● What you need to do
Below are some records. Retype exactly the lines from the one containing "Podczas jubileuszu gratulacje" through the one containing "Boca Santa não", both included, skipping every picture.

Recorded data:
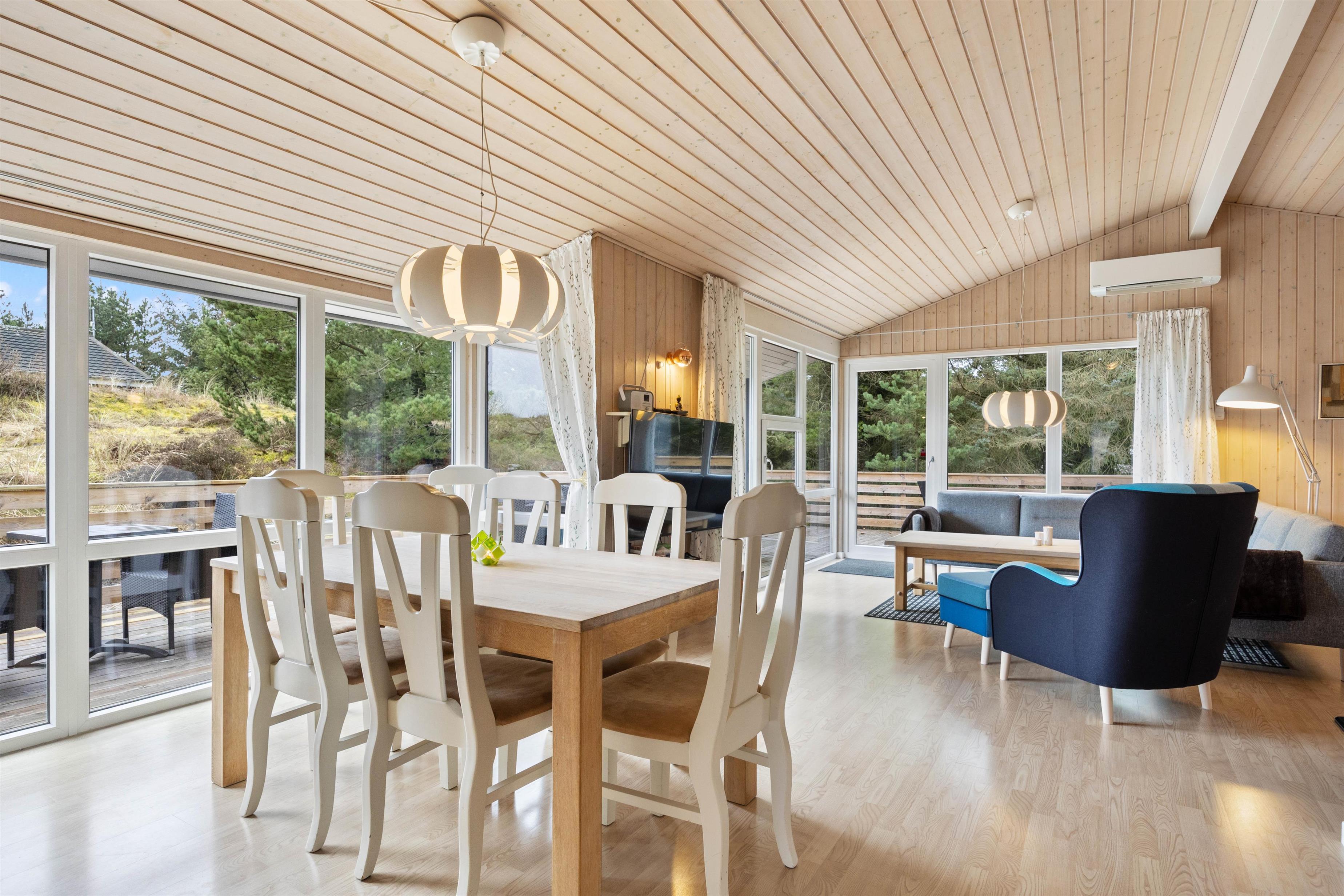 Feriehuset ligger kun en god gåtur fra Vesterhavet, hvor sandstranden indbyder til gåture hele året rundt. Om sommeren er det skønt at nyde solen og blive kølet ned på stranden. Og om vinteren er det opkvikkende med en frisk tur langs vandet for eferfølgende at slappe af foran brændeovnen.
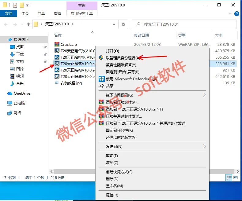 2,进入解压生成的文件夹里面,右键以管理员身份运行需要的安装程序,本教程以建筑为例,运行T20天正建筑安装程序
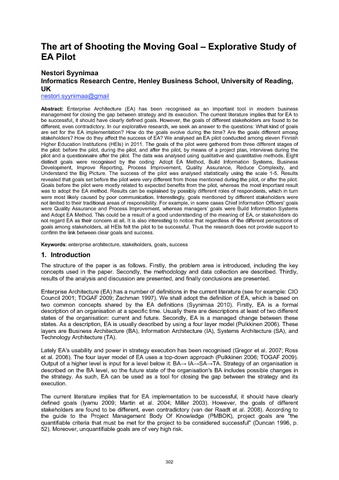 Syynimaa, N. (2012) The art of shooting the moving goal - explorative study of EA pilot. In: 6th European Conference on Information Management and Evaluation, 13- 14 September 2012, Cork, Ireland.
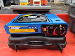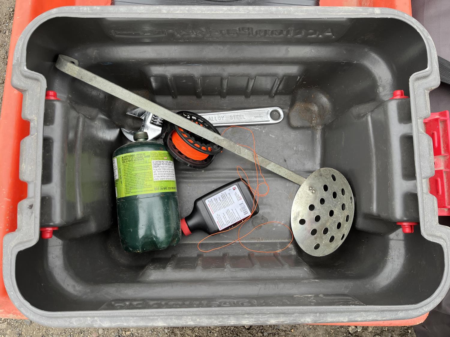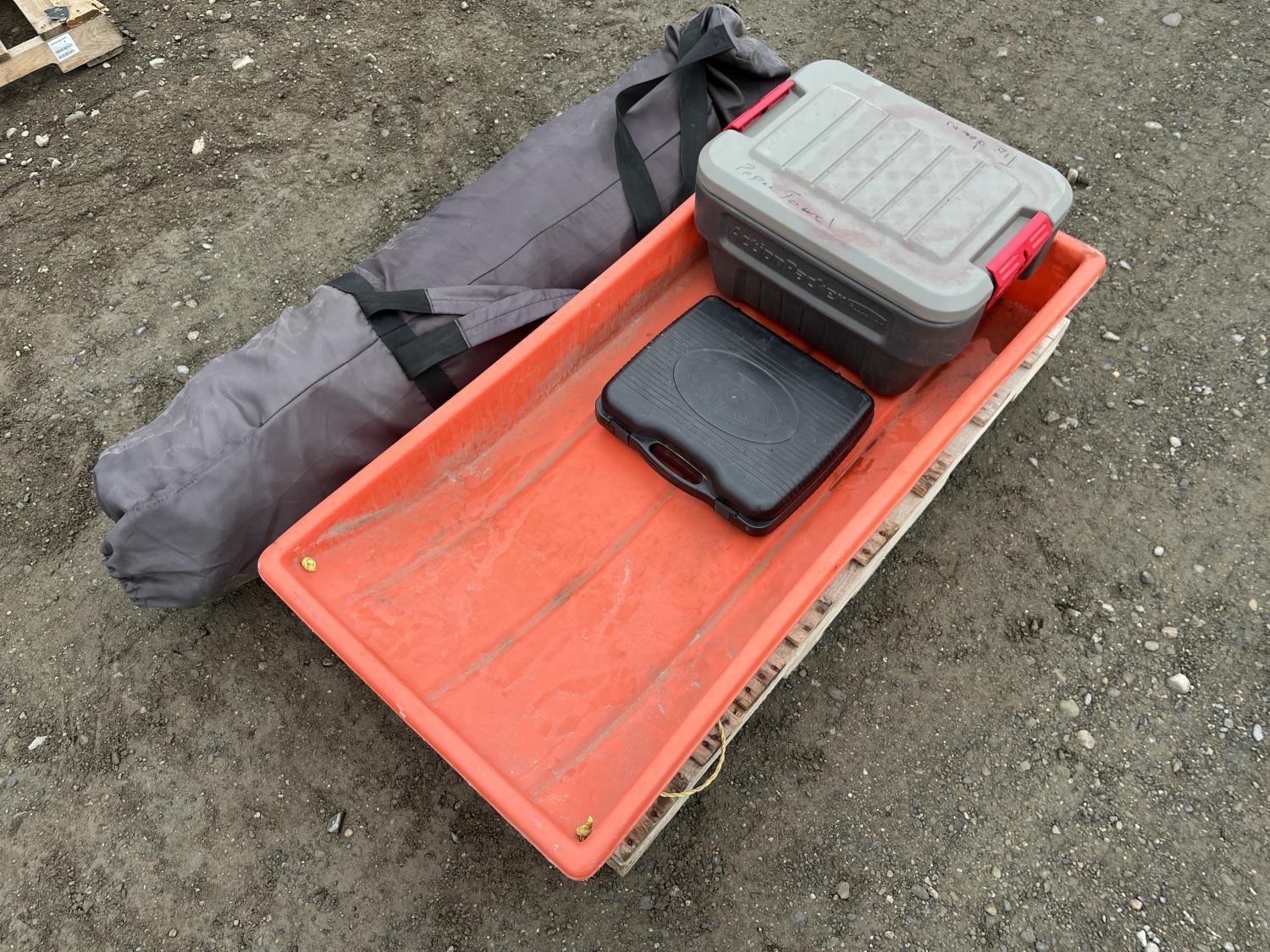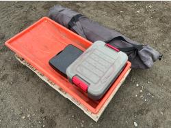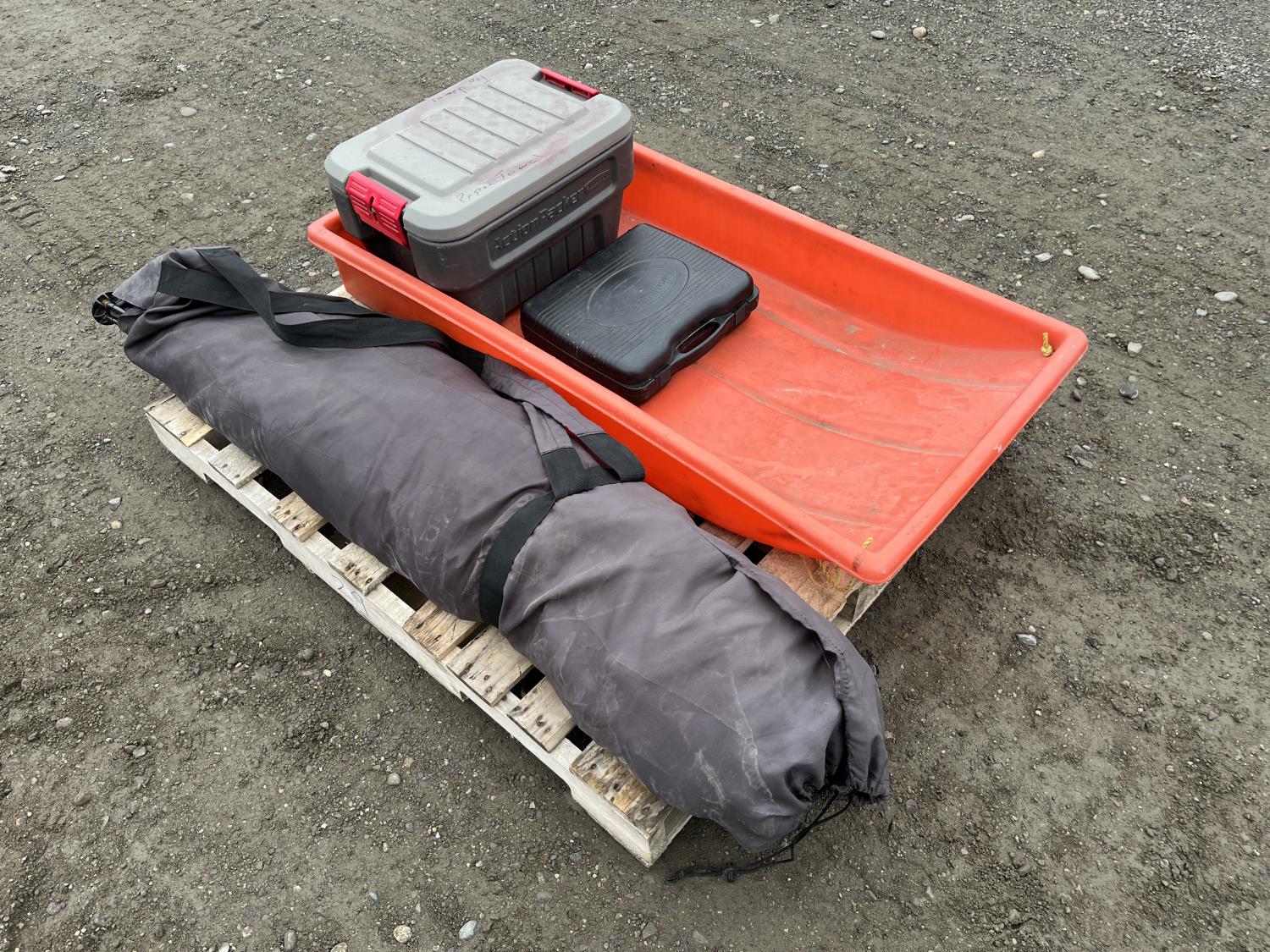 Portable ice fishing tent, equipment sled, Mr. Heater 3800 BTU portable propane heater, portable butane stove, (6) 2 stroke engine oil 10 litre mix
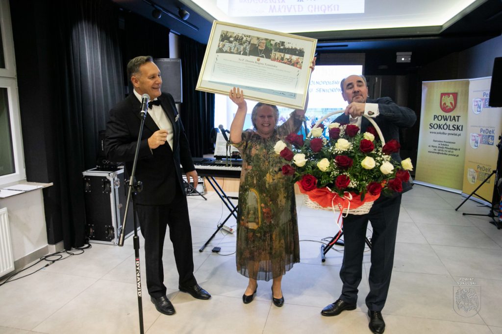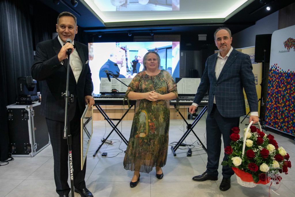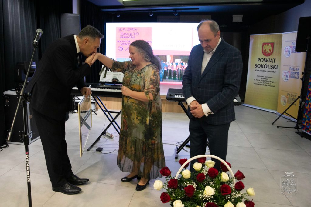 Podczas jubileuszu gratulacje skierował także starosta sokólski Piotr Rećko, który szczególnie podziękował Dorocie Tymińskiej – kierownik artystycznej i dyrygentce chóru – za wytrwałość:
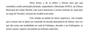 Boca Santa não mata a cobra e mostra a bicha morta? Então, olha aí o trecho da decisão do Tribunal de Justiça do Paraná que determina o “retorno imediato” do vereador Pedrinho Nespolo, “sob pena de incidência de multa”. Ele teve o mandato cassado pela Câmara em outubro. O texto do juiz Edison Macedo Filho também frisa no parágrafo seguinte que não se aplica no caso “efeito suspensivo”.
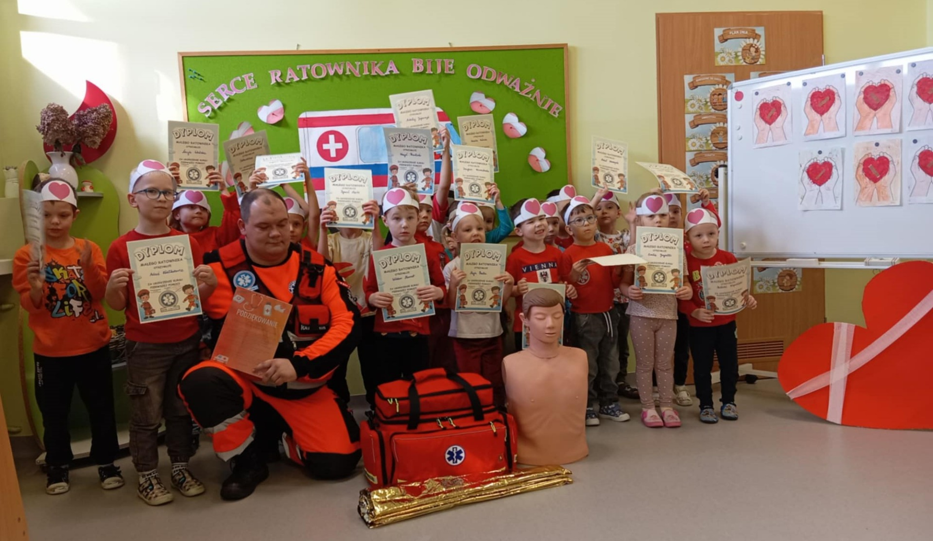 Pan Krzysztof w niezwykle ciekawy i przystępny sposób opowiedział przedszkolakom o swojej pracy oraz o tym, jak ważne jest szybkie reagowanie w razie wypadku.               Dzieci dowiedziały się, czym zajmuje się ratownik medyczny, jak wygląda jego codzienna praca i jak ogromne znaczenie ma odwaga oraz chęć niesienia pomocy innym.

● Answer box
 Podczas jubileuszu gratulacje skierował także starosta sokólski Piotr Rećko, który szczególnie podziękował Dorocie Tymińskiej – kierownik artystycznej i dyrygentce chóru – za wytrwałość:
 Boca Santa não mata a cobra e mostra a bicha morta? Então, olha aí o trecho da decisão do Tribunal de Justiça do Paraná que determina o “retorno imediato” do vereador Pedrinho Nespolo, “sob pena de incidência de multa”. Ele teve o mandato cassado pela Câmara em outubro. O texto do juiz Edison Macedo Filho também frisa no parágrafo seguinte que não se aplica no caso “efeito suspensivo”.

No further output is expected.